Howard: If you look at GM, for years they had five price points, they had Chevy, Pontiac, Olds, Buick, Cadillac, and so many of these young kids don't understand market segmentation where there's a lot of upgrades in a denture. I mean, Ivoclar makes some amazing, gorgeous teeth. So, when people are throwing price around, they should throw a lower price and a higher price. In fact, some of the most successful implantologists I know, what they actually did is they bought the overlooked denture world that had been in the poorest part of town for thirty, forty years; they picked it up for nothing and then they took that denture world and all that existing brand name, and then when everybody was coming back they'd say, "Well, we can upgrade it to a nicer denture with nicer teeth, or put it on two implants or put it on four implants, or All-on-4." It was just amazing. And they said, if you just converted 1% of their clients coming in to All-on-4s, they built three ... there was one in Bakersfield, I think he took it from three hundred thousand to like nine million a year in revenue. Again, market segmentation.

 

Rhys: But, the only way that works is they obviously provided care that was proper enough that the people that were getting it, valued it. And when people start to value what we can really do, they're willing to buy it. They buy everything else. And for some reason we think that dentistry is at the bottom of the totem pole, and it really isn't. It depends on how we put it out there, and if we can show people there is really that kind of value in it, they will seek it. That's what we've all seen.

 

Howard: You know, they come out of school - we were at A.T. Still a couple of Sundays ago and there was one kid that was going to graduate $550,000 in debt - a lot of them, when they come out of school, say they're 250, 350 in debt, if they go buy a chairside milling machine, that's a buck thirty-five; if they go buy some of these lasers, those are going to be between seventy-five and a hundred and thirty thousand; they go buy a CB/CT, there's another hundred grand.
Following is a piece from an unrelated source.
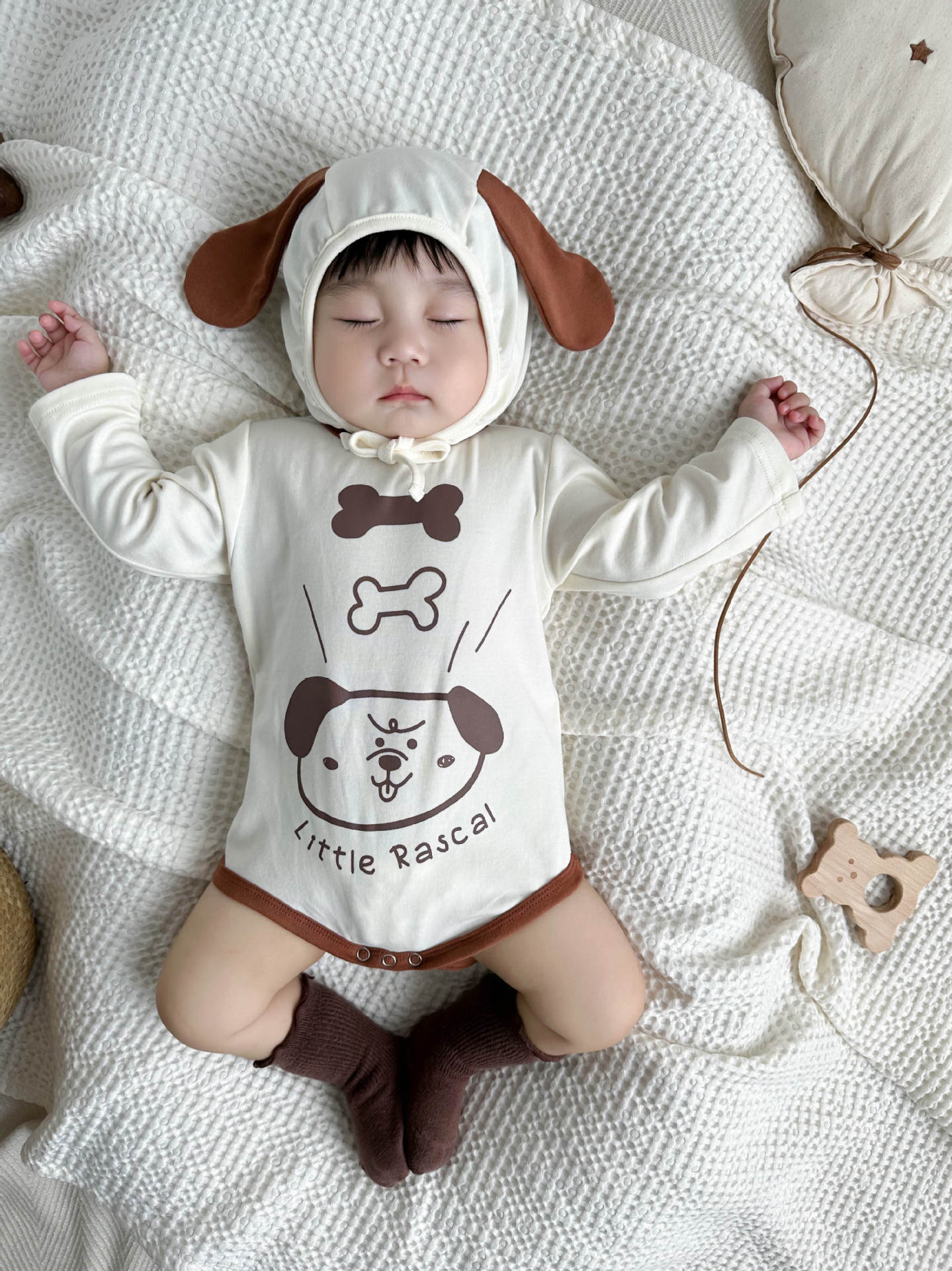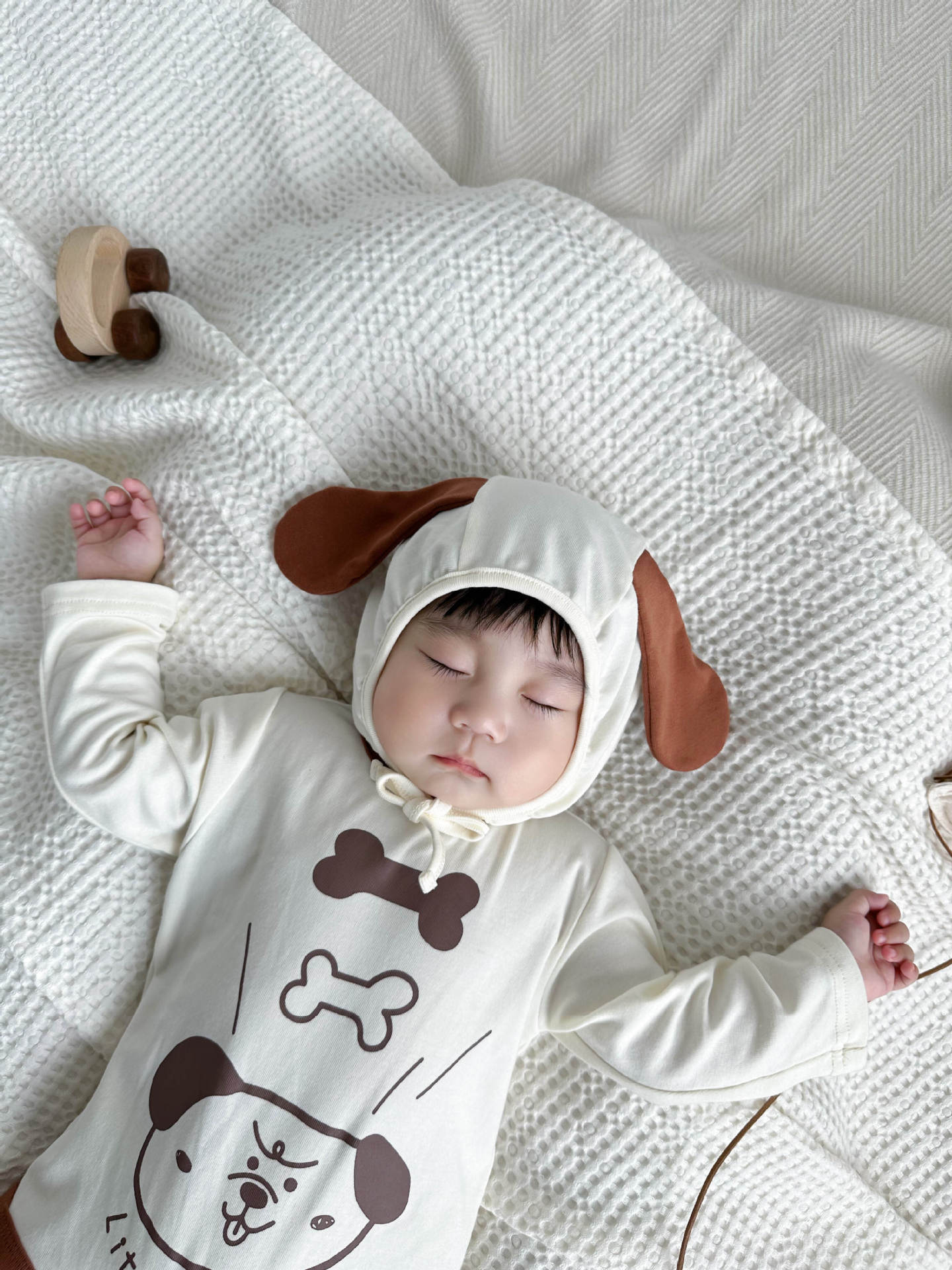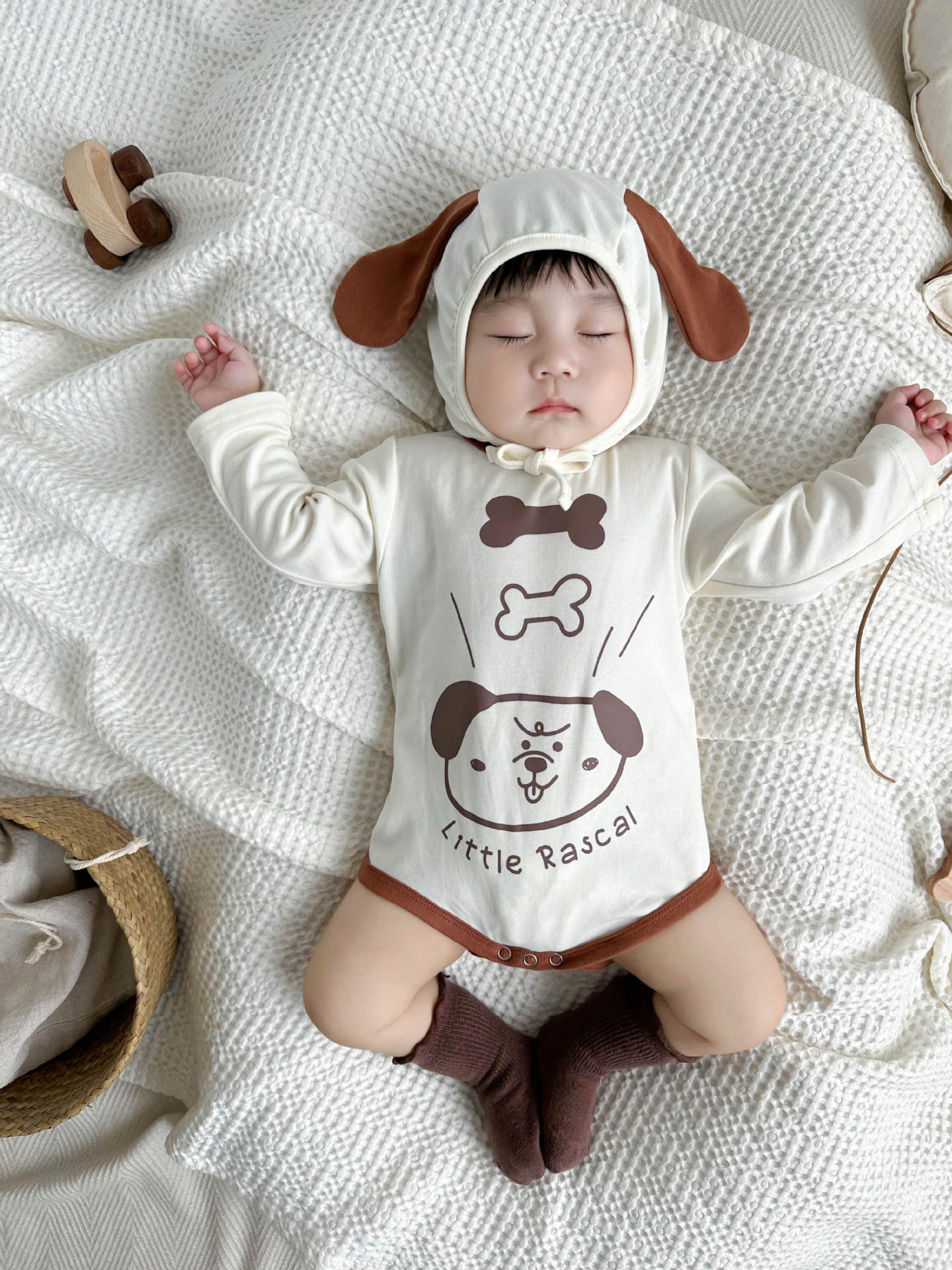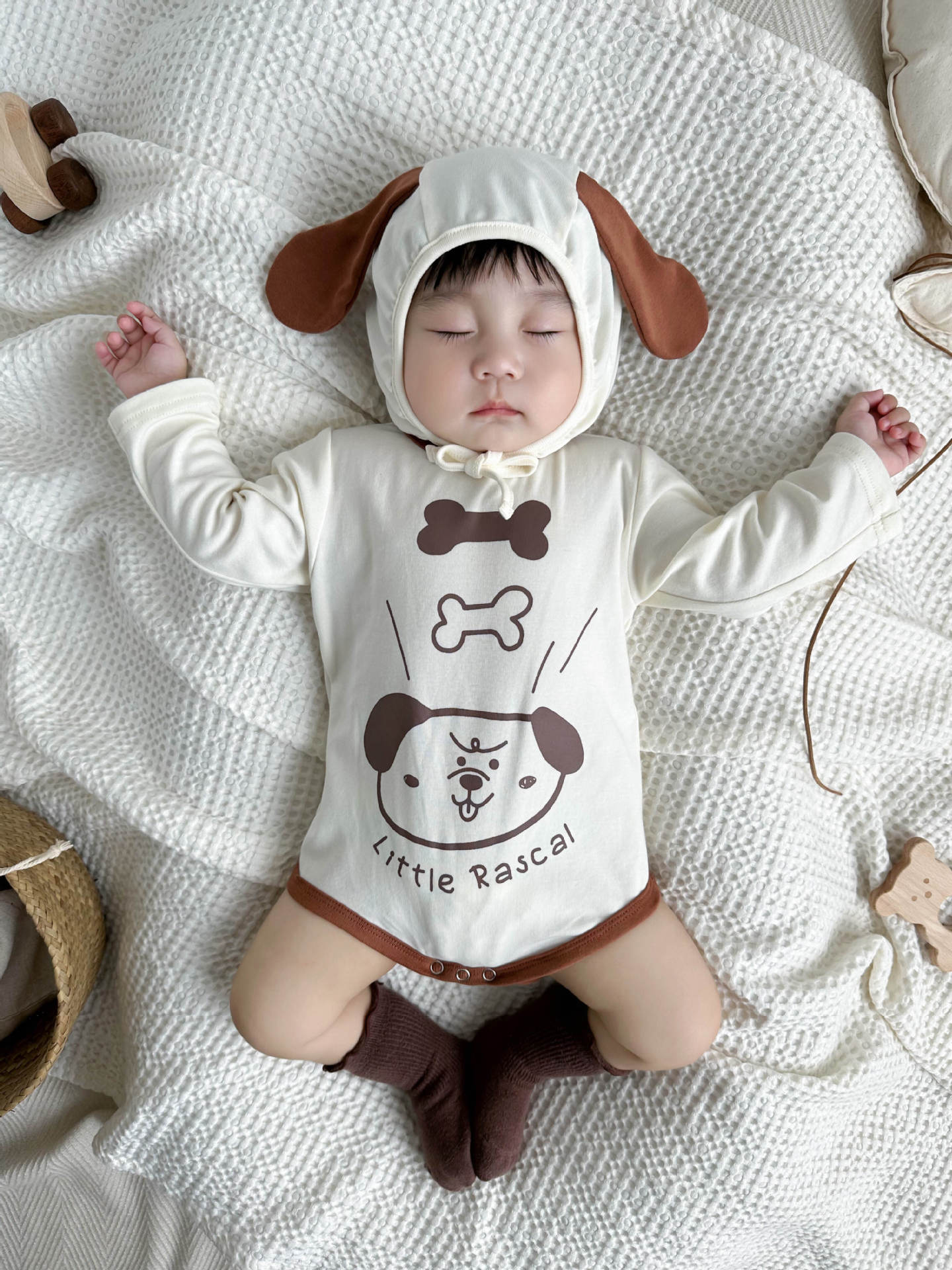 24 primavera estilo coreano bebé mono traje ins estilo cachorro impresión modelado mameluco bebé vaina con sombrero

They literally come out of school and say, "Dude, if I buy three things, I just doubled my student loan debt." So, the question specifically is if they want to grow up to be great dentists like you, what do you think they have to buy?

 

John: I think they have to buy knowledge and skill, they have to learn how to do this and do it efficiently and do it well, and that's what we don't see. They're not getting the skill. We went through that era of [sounds like: Pack Live], Aesthetic Advantage, LVI, all these live patient courses and then they sort of disappeared for a long time, but now there's a whole new generation of dentists that haven't experienced that live patient program that's so valuable. These doctors leave here, they haven't even prepped a veneer in their career, and now they're doing ten or twelve units and they go back and they learn to market it properly and start learning how to sell or educate their patients, and in the next year they're doing ten or twelve or fifteen cases they would have never even looked at. So, now, if they do that, now they can afford those other toys they'd like to buy and they'll pay off their loans, which would be the first thing I would do, their school loans. So, we're seeing a resurgence in the live patient program because they're learnt systems and systems are efficient. They learn to do them efficiently.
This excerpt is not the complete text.